§ **Task goal**: Apart from pictures, transcribe exactly each line from the one containing "Positive male farmer" through the final line of the listing below.

§ **Data to process**:
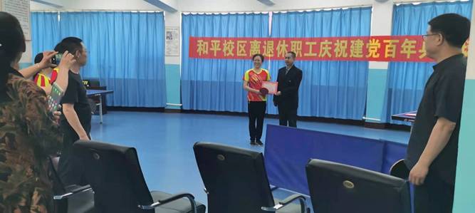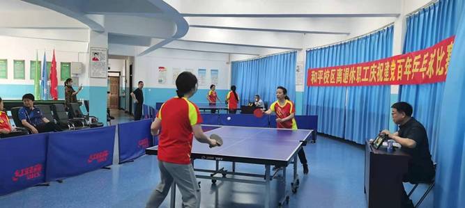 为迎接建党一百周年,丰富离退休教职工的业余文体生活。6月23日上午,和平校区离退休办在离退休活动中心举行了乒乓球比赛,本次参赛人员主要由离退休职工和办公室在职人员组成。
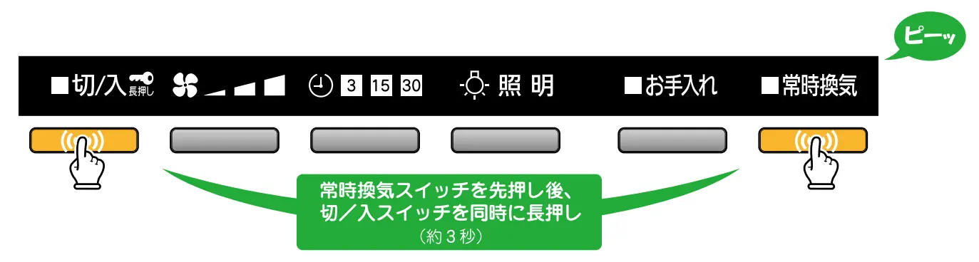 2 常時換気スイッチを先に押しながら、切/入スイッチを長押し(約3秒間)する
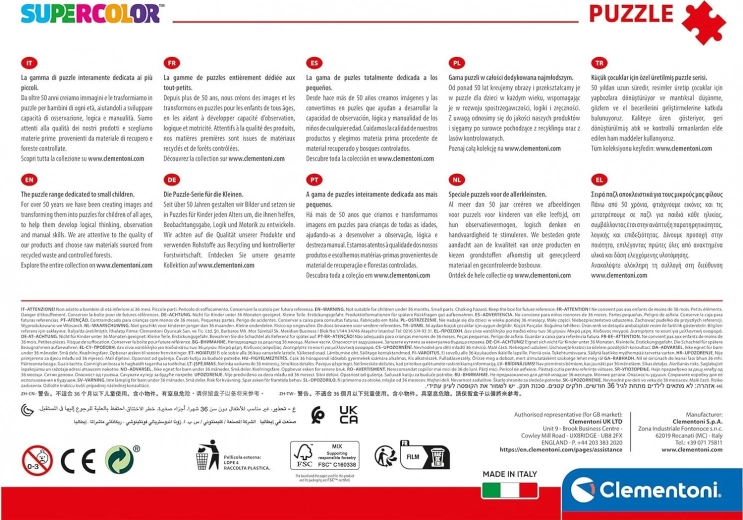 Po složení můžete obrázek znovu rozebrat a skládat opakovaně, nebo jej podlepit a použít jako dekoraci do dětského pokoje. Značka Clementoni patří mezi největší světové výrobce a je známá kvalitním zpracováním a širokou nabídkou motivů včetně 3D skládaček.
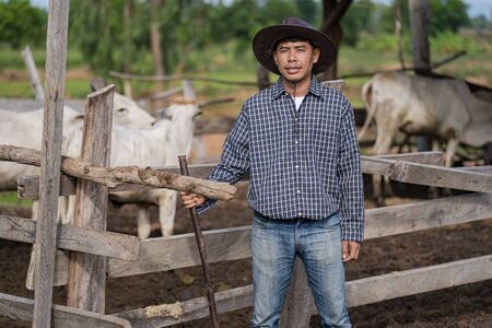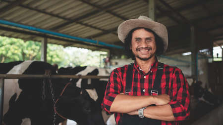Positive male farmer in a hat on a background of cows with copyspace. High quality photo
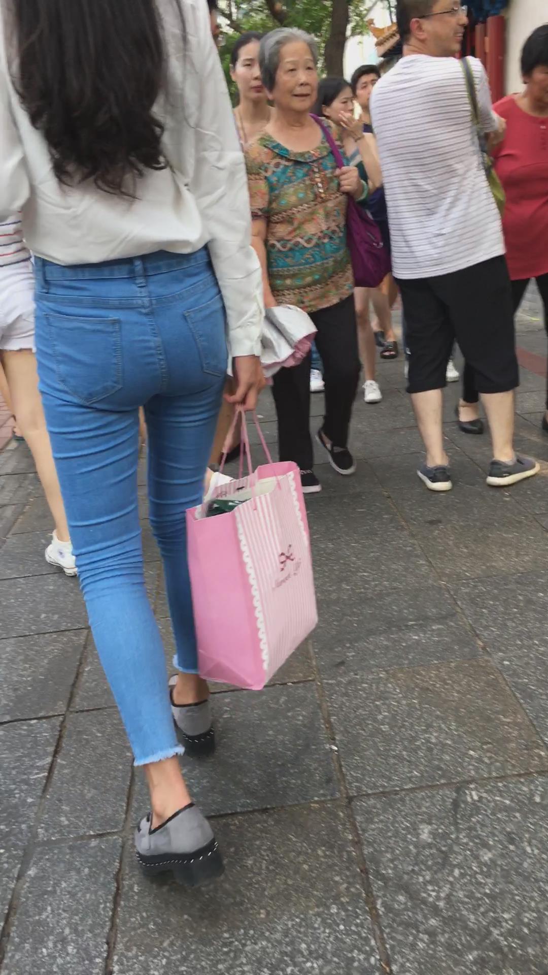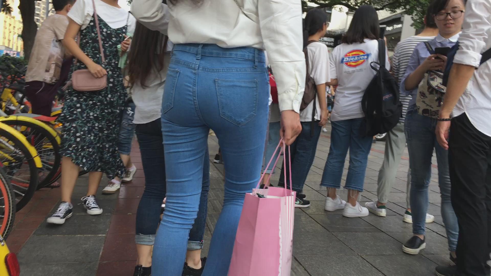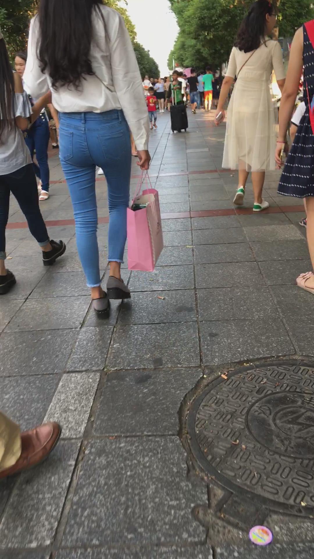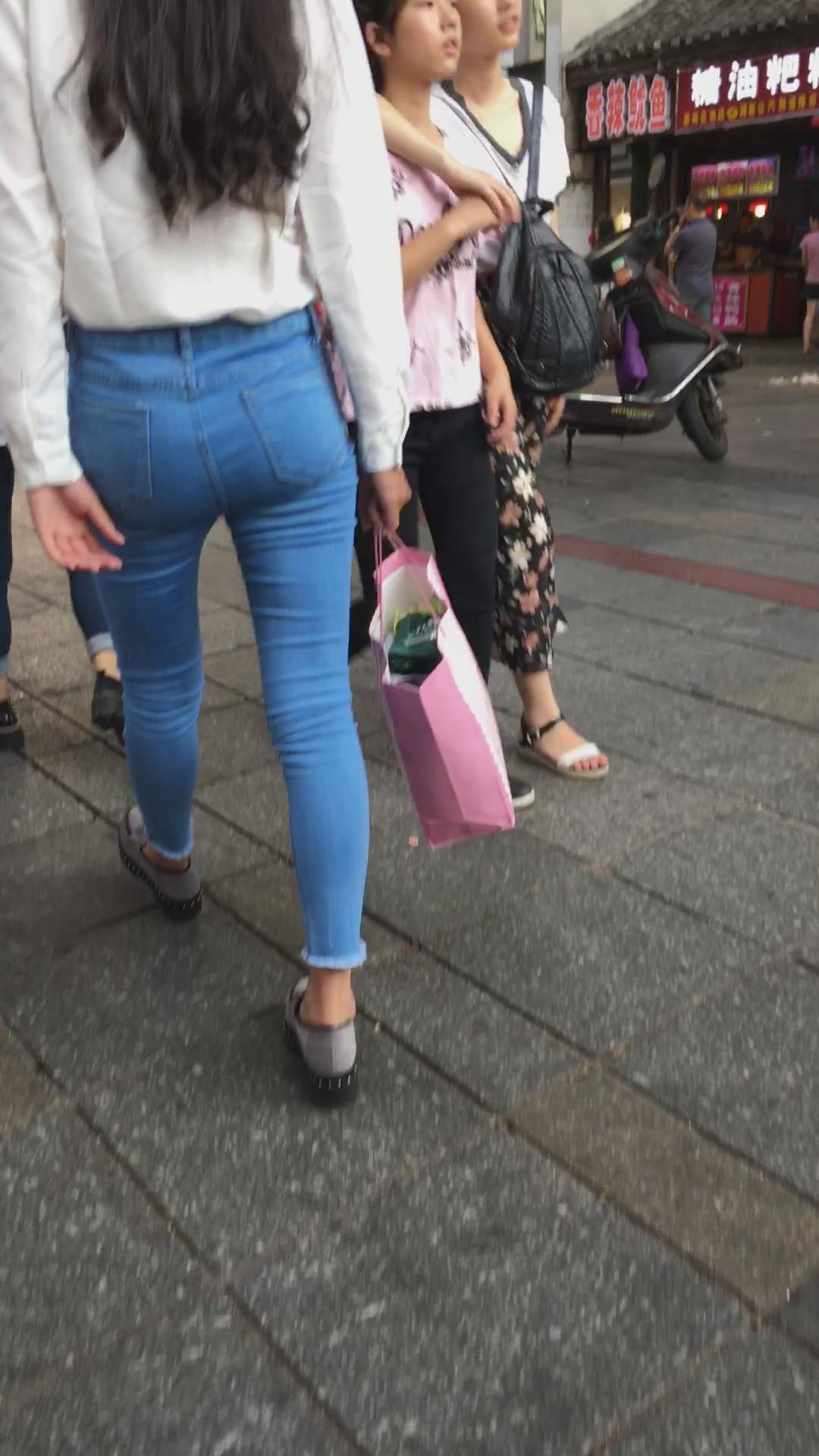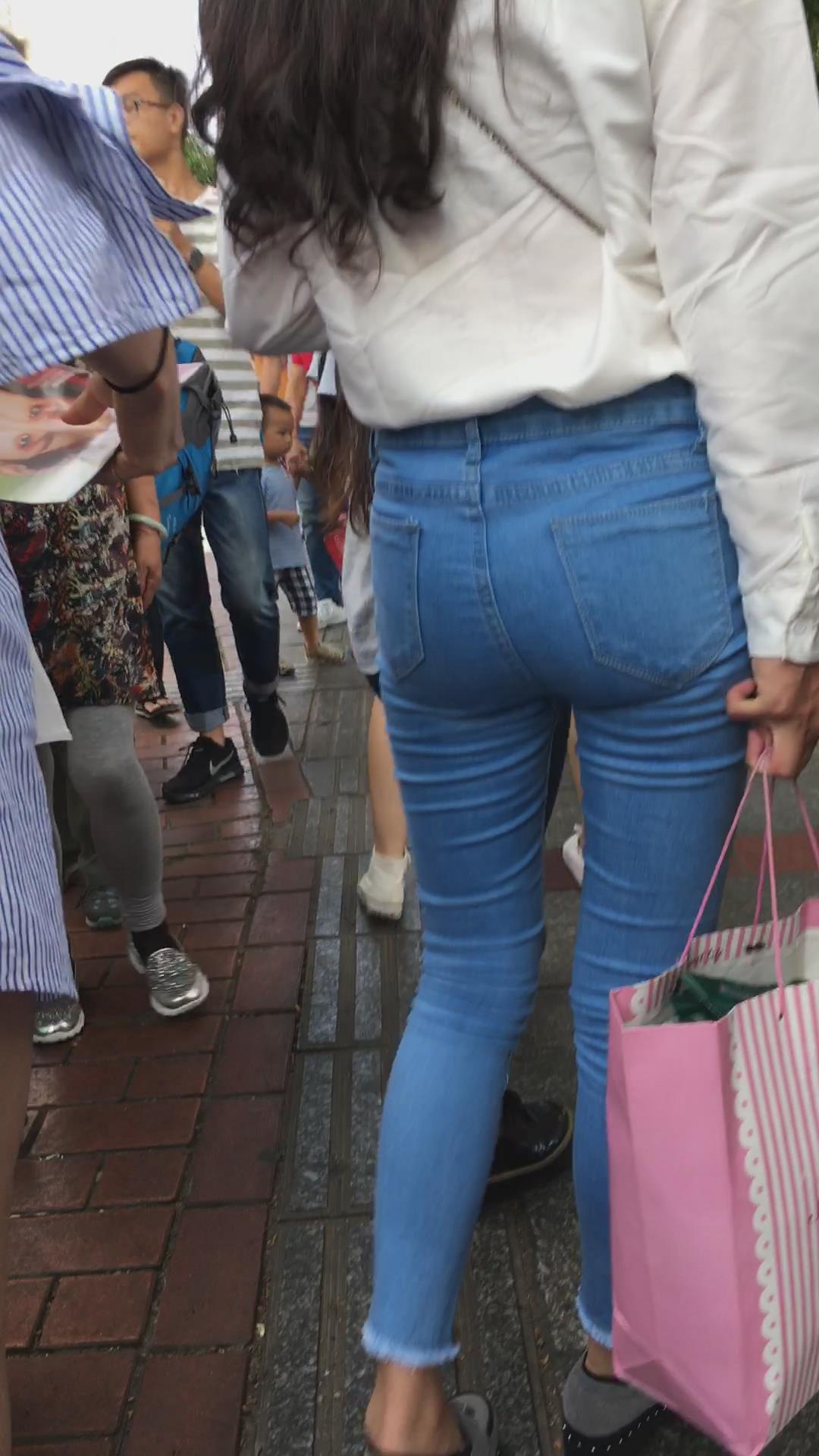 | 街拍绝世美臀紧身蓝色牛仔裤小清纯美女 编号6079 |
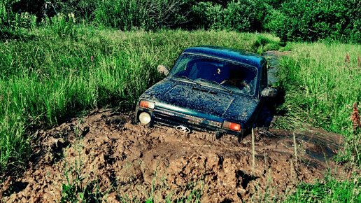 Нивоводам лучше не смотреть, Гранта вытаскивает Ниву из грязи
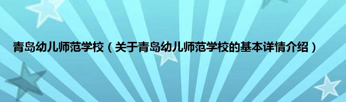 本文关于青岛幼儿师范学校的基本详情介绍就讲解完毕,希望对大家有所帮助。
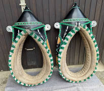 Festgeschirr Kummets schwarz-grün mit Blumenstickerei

§ **Expected output**:
Positive male farmer in a hat on a background of cows with copyspace. High quality photo
 | 街拍绝世美臀紧身蓝色牛仔裤小清纯美女 编号6079 |
 Нивоводам лучше не смотреть, Гранта вытаскивает Ниву из грязи
 本文关于青岛幼儿师范学校的基本详情介绍就讲解完毕,希望对大家有所帮助。
 Festgeschirr Kummets schwarz-grün mit Blumenstickerei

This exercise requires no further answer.